DATA PROVIDED –
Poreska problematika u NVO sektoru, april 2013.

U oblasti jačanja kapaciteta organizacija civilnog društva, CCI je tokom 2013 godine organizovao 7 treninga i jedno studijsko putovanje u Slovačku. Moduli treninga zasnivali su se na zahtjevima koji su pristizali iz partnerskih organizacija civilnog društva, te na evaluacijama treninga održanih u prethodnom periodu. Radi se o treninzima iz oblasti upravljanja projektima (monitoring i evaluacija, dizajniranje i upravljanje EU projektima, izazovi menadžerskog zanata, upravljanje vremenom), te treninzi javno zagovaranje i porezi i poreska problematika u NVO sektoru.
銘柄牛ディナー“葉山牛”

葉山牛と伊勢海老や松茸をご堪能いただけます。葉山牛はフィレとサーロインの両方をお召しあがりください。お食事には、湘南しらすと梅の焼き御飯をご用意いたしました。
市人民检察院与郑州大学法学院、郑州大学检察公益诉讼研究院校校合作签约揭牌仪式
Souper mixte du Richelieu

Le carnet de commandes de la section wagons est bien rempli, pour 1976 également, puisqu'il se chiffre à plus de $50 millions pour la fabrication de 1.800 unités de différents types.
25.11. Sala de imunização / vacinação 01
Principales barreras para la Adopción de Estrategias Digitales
...
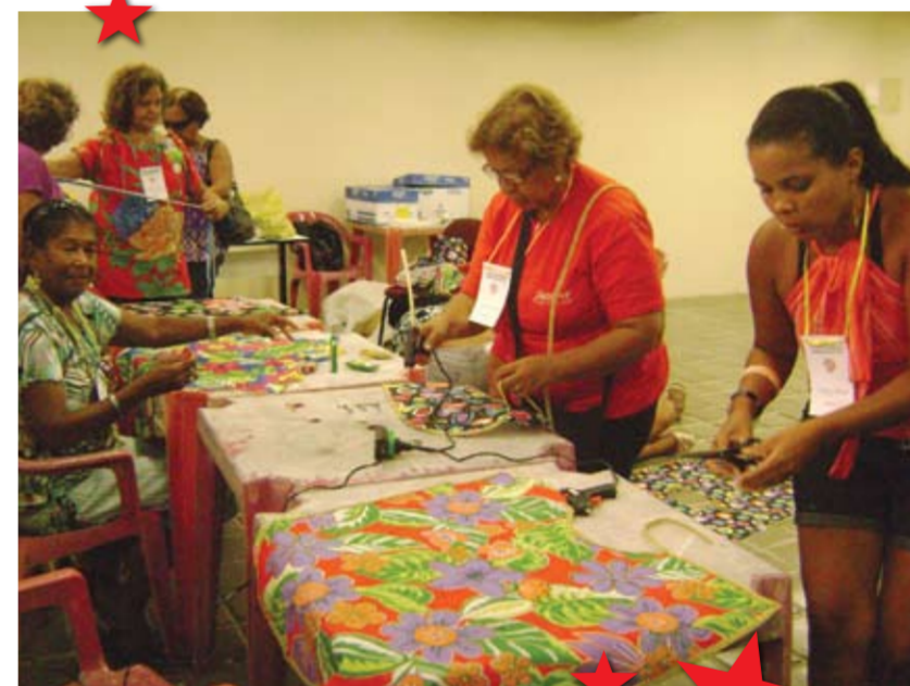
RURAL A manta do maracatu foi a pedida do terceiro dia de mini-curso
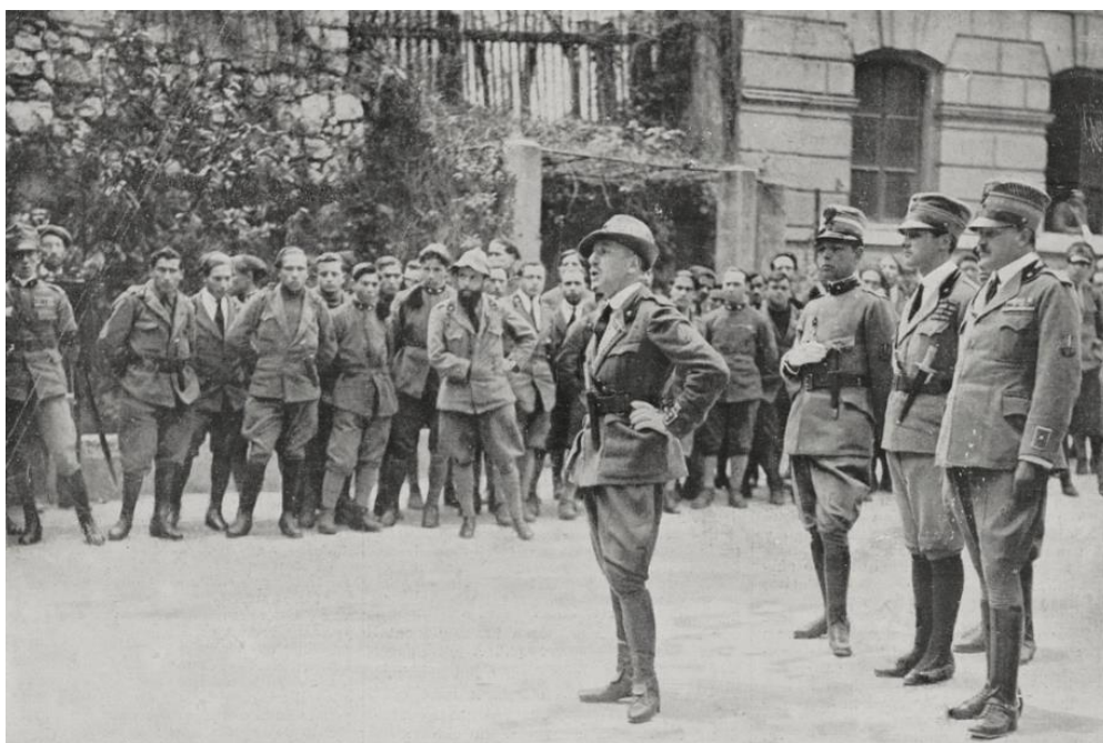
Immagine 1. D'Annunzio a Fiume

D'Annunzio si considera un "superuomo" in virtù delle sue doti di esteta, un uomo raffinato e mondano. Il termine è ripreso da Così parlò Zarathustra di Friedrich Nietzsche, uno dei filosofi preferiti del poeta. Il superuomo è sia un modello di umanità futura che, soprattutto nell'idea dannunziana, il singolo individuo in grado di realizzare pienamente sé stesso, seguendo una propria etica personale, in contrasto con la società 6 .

EXERCISE GOAL – In the entries above, find the line holding "市人民检察院与郑州大学法学院、郑州大学检察公益诉讼研究院校校合作签约揭牌仪式" and the line holding "Principales barreras para", then retype exactly those two lines and every line between them, and nothing else.

REPLY TO THE TASK –
市人民检察院与郑州大学法学院、郑州大学检察公益诉讼研究院校校合作签约揭牌仪式
Souper mixte du Richelieu

Le carnet de commandes de la section wagons est bien rempli, pour 1976 également, puisqu'il se chiffre à plus de $50 millions pour la fabrication de 1.800 unités de différents types.
25.11. Sala de imunização / vacinação 01
Principales barreras para la Adopción de Estrategias Digitales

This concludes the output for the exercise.